Three Pennsylvania state senators who want the Delaware River Basin Commission’s (DRBC) moratorium on hydraulic fracturing eliminated have again filed to intervene in a federal lawsuit challenging the de facto drilling ban.*

The motion comes after a federal appeals court in Philadelphia vacated the U.S. District Court for the Middle District of Pennsylvania’s 2017 decision to throw out the lawsuit that was filed by a small exploration and production company. The senators’ previous effort to intervene was denied by the lower court after it found they had no standing.

The Wayne Land and Mineral Group (WLMG) filed a lawsuit against the DRBC in 2016, arguing that the commission lacks authority under the Delaware River Basin Compact to review and approve natural gas development. The senators filed to intervene after a three-judge panel of the U.S. Court of Appeals for the Third Circuit remanded the case to the lower court for further fact-finding about exactly what projects the commission has authority to review under the 1961 compact that established it.

Sens. Lisa Baker, Gene Yaw and Joseph Scarnati — all Republicans that represent the north-central and northeast parts of the state where unconventional natural gas development has been heavy, or where it hasn’t been allowed to occur due to the moratorium — want the court to invalidate the ban and prevent the DRBC from enforcing it.

They argue the commission is violating the U.S. Constitution by preventing landowners from profiting from private property. They also claim the state is being thwarted in earning revenue from public land that could be leased for natural gas drilling in the basin. The senators said in their motion that the General Assembly, not the DRBC, has the authority to oversee and regulate such development.

“In enforcing the moratorium, the commission has attempted to exercise legislative authority vested in the General Assembly and subject over five million citizens of the commonwealth residing in the basin to its dictates, rather than the comprehensive statutory scheme enacted by their duly elected senators,” the motion said.

The basin consists of 13,539 square miles. More than half of that is located in Pennsylvania, where 2,338 square miles is prospective for the Marcellus Shale. According to the U.S. Geological Survey, the senators said, the land holds an estimated $40 billion worth of natural gas reserves.

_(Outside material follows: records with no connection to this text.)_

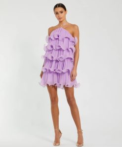 Mac Duggal Women’s Dresses Purple Crinkle Chiffon Tiered Ruffle Mini Dress | Purple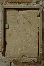 Un ex-voto est gravé sous l'autel majeur directement dans la pierre de tuffeau. Il signifie « Aux ides de juin, dédicace au Dieu sauveur. » Il est interprété soit comme une dédicace de l'église, soit comme l'ex-voto d'un pèlerin reconnaissant (cette dernière hypothèse semble affaiblie par le fait qu'il n'y a pas d'autre ex-voto)[15].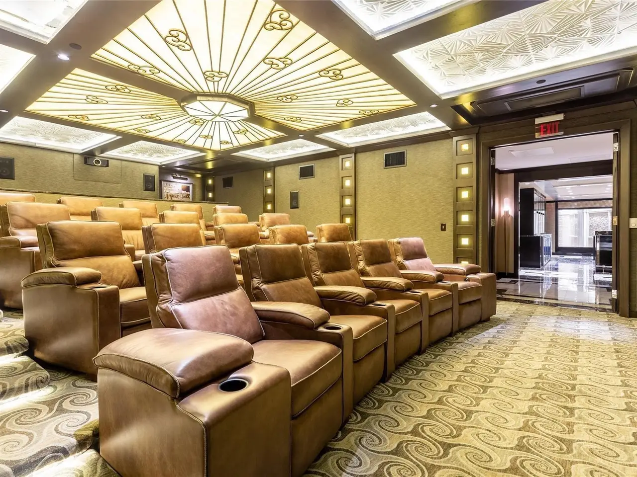 Private elevator vestibule with inlaid marble floor & double starburst wood doors Media/game room with leather walls & built-ins
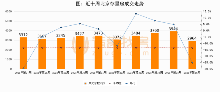 存量房方面,第36周北京存量房成交2964套,较上周减少980套,环比下降24.9%。从近十周成交走势来看,周均成交套数为3384套,本周低于平均水平12.4%。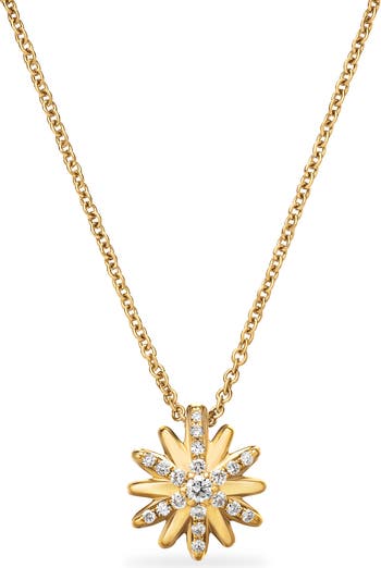 18-karat yellow gold. Pavé diamonds, 0.10 total carat weight. Total length, 18". Pendant, 10mm. Lobster clasp closure. Imported.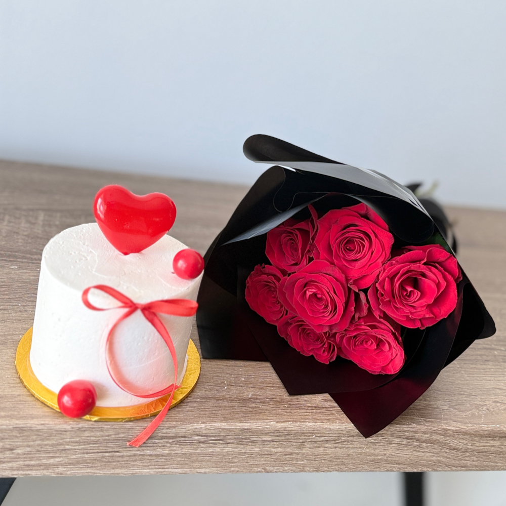 A hand bouquet containing roses with a delicious and beautiful cake.

The DRBC decided in 2009 that all gas drilling in the basin needed to be reviewed, saying it would not approve any development until it adopted new rules governing the industry. The next year it decided to postpone the review of natural gas development and has failed to act on adopting new rules, leaving in place a de facto moratorium.

Congress approved the Delaware River Basin Compact in 1961. It’s an agreement among the United States, New York, Pennsylvania, New Jersey and Delaware to protect the Delaware River watershed.

WLMG, which owns acreage in Northeast Pennsylvania that it wants to develop within the river basin, argues the commission is impeding the development of private land and appeasing environmental groups opposed to oil and gas produced by unconventional drilling.

*Correction: A previous version of this story incorrectly stated that the senators motion to intervene was granted by the U.S. District Court for the Middle District of Pennsylvania. No order has been issued on the motion. NGI regrets the error.